Among the challenges in creating profit maps noted by [10,35] was that the final accuracy of a profit map is influenced both by the spatial prediction from the yield map and the quality of the economic data, especially temporal inconsistencies for cost information. A compound challenge is that final profit maps have a significant in-built uncertainty and error that is often not made explicit in the results. Some of these challenges are addressed in our study by using a proven coffee suitability model for the study area [15] and incorporating price information sourced directly from the coffee regulatory authority. The issue of inherent error can be addressed at the source of the various datasets, something beyond the control of the researchers. However, the challenge of creating a model that can be regularly updated is a clear need to be filled in our web-based/internet-connected society. In combination with the many other variable incorporated in the creation of this model, the key to realizing the potential in these programmatic opportunities, i.e., CSA and profit models is helping producers visualize spatially explicit economic and environmental tradeoffs [33] (p. 351).

2.3. Methods: Data Collection, Analysis, and Results

This section provides an overview of the steps involved in producing the models of profitability for the JCI. The approach to the methodology was guided by [10]. A summary of the entire process is laid out in Figure 2 below.

This profit model incorporated a previously developed suitability model which utilized the analytic hierarchy process to integrate the expert knowledge of local coffee stakeholders [15]. Eight biophysical and infrastructure variables (elevation, temperature, geology, soil type, slope, precipitation, distance to roadways, and distance to waterways) were weighted based on importance to coffee production in Jamaica. Each criterion in the suitability analysis was then reclassified on a scale of 1 (worst) to 9 (best) based on their suitability for coffee production. The most suitable areas for growing coffee were to be found in the mountainous core of central and eastern Jamaica and least suitable areas were to be found on the southern and northwestern coastal plains of the island. A generalized version of the suitability map is presented in Figure 3 below.

2.3.1. Development of Profitability Model

Profitability is defined as it simplest as income minus operating or production costs. However, in the context of agricultural production, profitability can be further defined in a few more ways: a farmer may or may not include their own labor as an input costs; depreciation of equipment can be included in operating costs; so too can debt/interest payments. Further still, the rate of return on farm investment can be compared to working outside of the farm to assess whether or not a farm is profitable [37,38]. In this paper, the researchers define profitability as the result of income minus direct production costs.

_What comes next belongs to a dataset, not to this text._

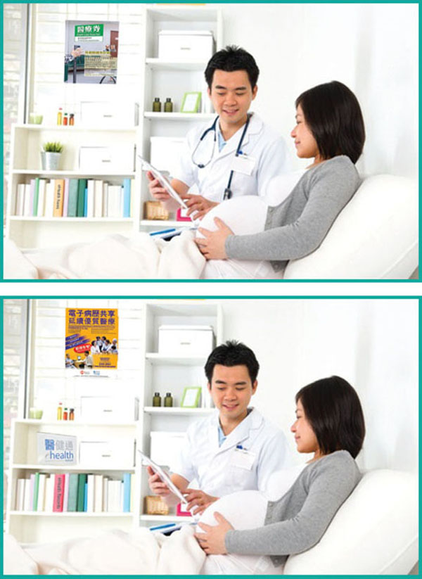 接受「齐来找不同」的挑战,考考您的眼力,测试您对电子健康纪录的认识。以下两幅图片中有四个不同之处,请圈出其中两个。成功圈出两个不同之处的读者便可赢取奖品乙份,送完即止。

This straightforward approach enables us to make use of the currently available datasets for this project as well as provide a standard base upon which the relevant coffee stakeholders can incorporate other desired costs or benefits.

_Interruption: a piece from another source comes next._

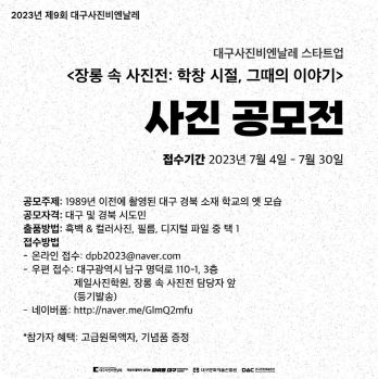 [제주교통복지신문 김강석 기자] 대구문화예술진흥원은 2023년 제9회 대구사진비엔날레의 일환으로 '장롱 속 사진전 – 학창시절, 그 때의 이야기'전을 개최한다. 이번 전시에는 과거 학창 시절 촬영됐던 다양한 모습(수학여행, 소풍, 운동회, 학예회 등)을 주제로 인물과 풍경의 옛 사진을 전시하여 작품에 담긴 대구의 역사·문화를 되새기고, 남녀노소가 공감하는 옛 추억을 되개기려 한다.

The formula used to calculate profitability is

$$Y_i=(\left(Yl{d}_i-L_i)\ast P\ast SYl{d}_i\right)-\left(\left(C_i\ast C{T}_i\right)\ast S{C}_i\right)$$

where Y is the profit (or loss) in US dollars per unit area in area i at farm gate; Yld is the coffee yield (in 60 lb. boxes) per unit area; L is the percentage crop loss (including loss due to pests and diseases) per unit area; P is the price paid per 60 lb. box of coffee cherry (price per box); SYld is a yield scale factor derived from the suitability model in [15]; C is the production costs (per unit area); CT is the contingency cost (accounting for various unforeseen expenses) per unit area; SC is the production scale factor derived from the suitability model in [15]. The values for Yld, L, P, C and CT were all derived from official coffee production cost estimates published by JACRA and detailed in Supplementary File S1 of the supplementary materials. JACRA compiles this information based on data from field experiments on ideal production conditions as well as annual surveys of prices for the various input materials (fertilizers, labor, equipment etc.).

The yield and cost scale factors (SYld and SC) were utilized as a proxy measurement of the variations in coffee yields and production costs experienced by producers on the ground. Due to the variable nature of production yield across the island, the researchers consulted with field extension officers of the JACRA to determine an appropriate interval for the scale factors. After presenting preliminary analyses of the effects of several possible intervals it was determined by the field officers that a scale interval of 5% would most closely represent the realities and experiences of coffee producers [39]. The scale factors follows the suitability scale presented in Figure 3, with areas rated as good (suitability of 7–9) being assigned a scale of 1.0 (maximum potential yield and base level of cost); areas rated as fair (suitability of 4–6) are assigned a scale of 0.95 (95% of maximum potential yield) and 1.05 (105% of base cost level); areas rated as poor (suitability of 1–3) are scaled at 0.9 (90% of maximum potential yield) and 1.10 (110% of base cost level). In other words, areas with ideal growing conditions face no reduction in maximum estimated yield or increase in production costs. As suitability for the production declines, the scale factors correspondingly reduce maximum potential yields and increases production costs for the crop. The unit area i represents one grid cell of the profitability model which has a spatial resolution of 30 m. Therefore, each cell represents 900 m² (derived from 30 × 30 m raster grid cells). This value can also be expressed as 0.09 hectare or 0.222 acre.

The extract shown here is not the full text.